### WORK TASK:
Would you write out every record that follows exactly, with the pictures left out?

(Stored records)
--- START ---
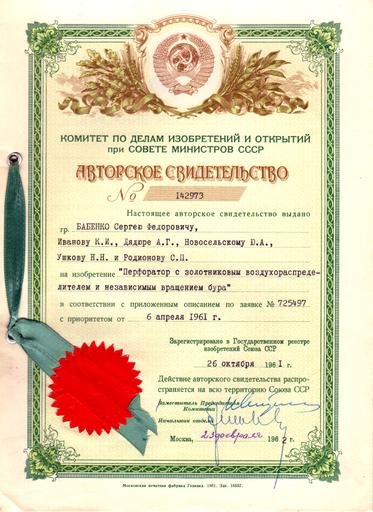 Keywords: Перфоратор с золотниковым воздухораспределителем и независимым вращением бура.png ru Авто ское свидетельство 142973 от 26 октяб я 1961 года 2013-04-12 17 42 33 own Folax PD-RU-exempt Insignia cc-by-sa-3 0 Invention author s certificate
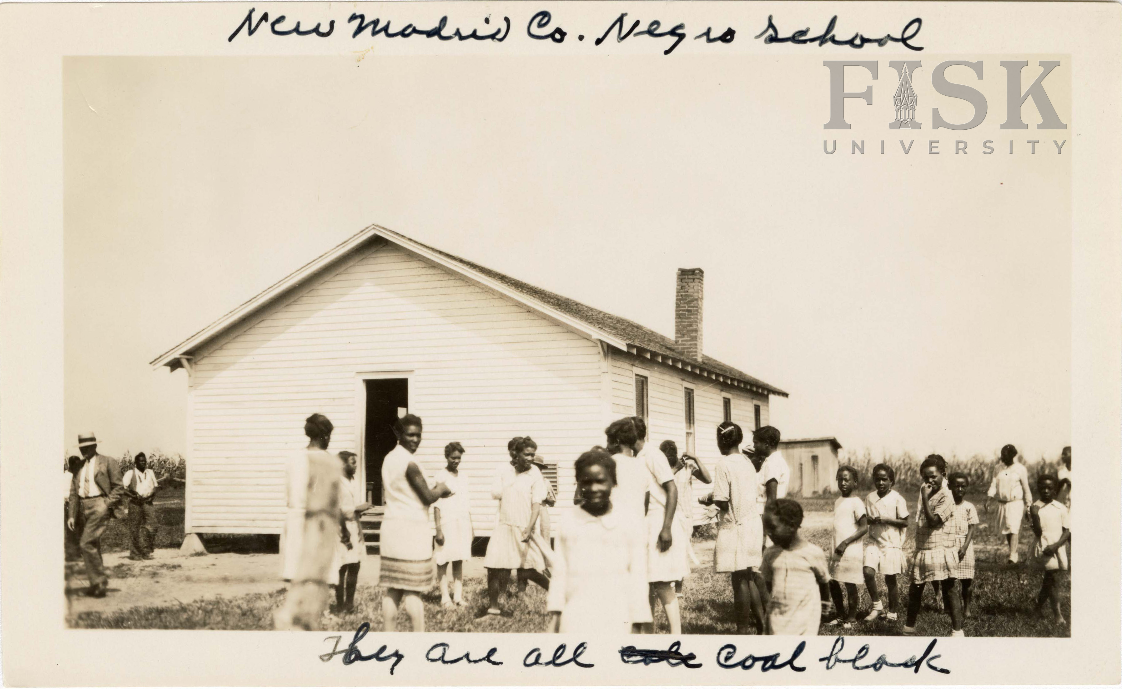 - Photo shows students and others outside of New Madrid County Negro school in New Madrid, Missouri with a handwritten note on the back that says "New Madrid Co. Negro school" and "They are all coal black"
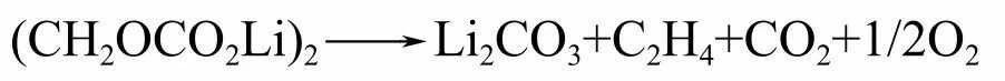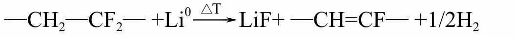 在更高温度下,负极表面失去了SEI膜的保护,嵌入负极的锂将与电解液溶剂直接反应有C2H4O产生,可能为乙醛或氧化乙烯。嵌入锂的石墨在300℃以上与熔融的PVDF–HPF共聚物发生如下反应:
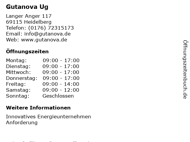 Öffnungszeiten Gutanova Ug in Heidelberg anzeigen | |
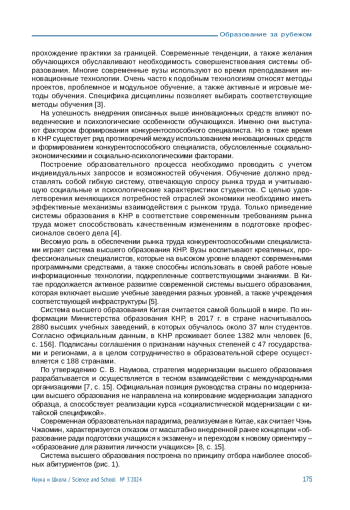 етоды обучения [3]. На успешность внедрения описанных выше инновационных средств влияют поведенческие и психологические особенности обучающихся. Именно они выступают фактором формирования конкурентоспособного специалиста. Но в тоже время в КНР существует ряд противоречий между использованием инновационных средств и формированием конкурентоспособного специалиста, обусловленные социальноэкономическими и социально-психологическими факторами. Построение образовательного процесса необходимо проводить с учетом индивидуальных запросов и возможностей обучения. Обучение должно представлять собой гибкую систему, отвечающую спросу рынка труда и учитывающую социальные и психологические характеристики студентов. С целью удовлетворения меняющихся потребностей отраслей экономики необходимо иметь эффективные механизмы взаимодействия с рынком труда. Только приведение системы образования в КНР в соответствие современным требованиям рынка труда может способствовать качественным изменениям в подготовке профессионалов своего дела [4].
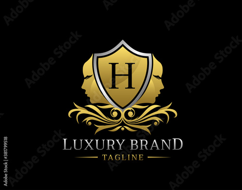Royal Beauty Logo With H Letter. Elegant Gold Shield badge With Beauty Face Shape perfect for salon, spa, cosmetic, Boutique, Jewelry.
--- END ---
### TASK RESULT:
 Keywords: Перфоратор с золотниковым воздухораспределителем и независимым вращением бура.png ru Авто ское свидетельство 142973 от 26 октяб я 1961 года 2013-04-12 17 42 33 own Folax PD-RU-exempt Insignia cc-by-sa-3 0 Invention author s certificate
 - Photo shows students and others outside of New Madrid County Negro school in New Madrid, Missouri with a handwritten note on the back that says "New Madrid Co. Negro school" and "They are all coal black"
 在更高温度下,负极表面失去了SEI膜的保护,嵌入负极的锂将与电解液溶剂直接反应有C2H4O产生,可能为乙醛或氧化乙烯。嵌入锂的石墨在300℃以上与熔融的PVDF–HPF共聚物发生如下反应:
 Öffnungszeiten Gutanova Ug in Heidelberg anzeigen | |
 етоды обучения [3]. На успешность внедрения описанных выше инновационных средств влияют поведенческие и психологические особенности обучающихся. Именно они выступают фактором формирования конкурентоспособного специалиста. Но в тоже время в КНР существует ряд противоречий между использованием инновационных средств и формированием конкурентоспособного специалиста, обусловленные социальноэкономическими и социально-психологическими факторами. Построение образовательного процесса необходимо проводить с учетом индивидуальных запросов и возможностей обучения. Обучение должно представлять собой гибкую систему, отвечающую спросу рынка труда и учитывающую социальные и психологические характеристики студентов. С целью удовлетворения меняющихся потребностей отраслей экономики необходимо иметь эффективные механизмы взаимодействия с рынком труда. Только приведение системы образования в КНР в соответствие современным требованиям рынка труда может способствовать качественным изменениям в подготовке профессионалов своего дела [4].
Royal Beauty Logo With H Letter. Elegant Gold Shield badge With Beauty Face Shape perfect for salon, spa, cosmetic, Boutique, Jewelry.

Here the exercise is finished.